**Supplied records**.
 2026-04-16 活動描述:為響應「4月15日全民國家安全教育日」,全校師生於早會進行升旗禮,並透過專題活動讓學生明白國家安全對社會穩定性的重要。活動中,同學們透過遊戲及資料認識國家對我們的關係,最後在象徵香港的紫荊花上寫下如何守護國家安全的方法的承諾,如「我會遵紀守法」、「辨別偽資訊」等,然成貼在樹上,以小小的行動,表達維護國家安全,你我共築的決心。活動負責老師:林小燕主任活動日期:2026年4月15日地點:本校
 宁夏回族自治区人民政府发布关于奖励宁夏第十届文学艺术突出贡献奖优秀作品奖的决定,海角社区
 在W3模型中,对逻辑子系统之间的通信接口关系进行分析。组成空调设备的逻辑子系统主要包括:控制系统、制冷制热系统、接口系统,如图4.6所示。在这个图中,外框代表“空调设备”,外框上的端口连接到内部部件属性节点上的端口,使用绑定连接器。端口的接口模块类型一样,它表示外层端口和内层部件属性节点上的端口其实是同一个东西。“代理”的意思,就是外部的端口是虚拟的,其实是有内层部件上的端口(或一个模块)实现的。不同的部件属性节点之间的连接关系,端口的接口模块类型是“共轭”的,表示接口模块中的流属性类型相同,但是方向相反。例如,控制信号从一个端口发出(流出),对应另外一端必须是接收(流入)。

...

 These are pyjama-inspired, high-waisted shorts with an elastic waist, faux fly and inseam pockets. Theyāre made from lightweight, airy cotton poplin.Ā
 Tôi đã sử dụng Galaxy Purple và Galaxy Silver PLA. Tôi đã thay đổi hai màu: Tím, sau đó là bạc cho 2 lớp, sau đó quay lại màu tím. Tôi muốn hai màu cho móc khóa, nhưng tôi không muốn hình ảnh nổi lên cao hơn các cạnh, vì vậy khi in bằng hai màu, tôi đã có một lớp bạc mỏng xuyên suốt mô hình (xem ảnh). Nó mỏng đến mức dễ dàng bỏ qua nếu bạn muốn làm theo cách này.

**Task goal**. In the listing above, locate the line containing "2026-04-16 活動描" and the line containing "宁夏回族自治区人民政府发布关". Transcribe those two lines and everything between them, exactly as written.

**Written reply**.
 2026-04-16 活動描述:為響應「4月15日全民國家安全教育日」,全校師生於早會進行升旗禮,並透過專題活動讓學生明白國家安全對社會穩定性的重要。活動中,同學們透過遊戲及資料認識國家對我們的關係,最後在象徵香港的紫荊花上寫下如何守護國家安全的方法的承諾,如「我會遵紀守法」、「辨別偽資訊」等,然成貼在樹上,以小小的行動,表達維護國家安全,你我共築的決心。活動負責老師:林小燕主任活動日期:2026年4月15日地點:本校
 宁夏回族自治区人民政府发布关于奖励宁夏第十届文学艺术突出贡献奖优秀作品奖的决定,海角社区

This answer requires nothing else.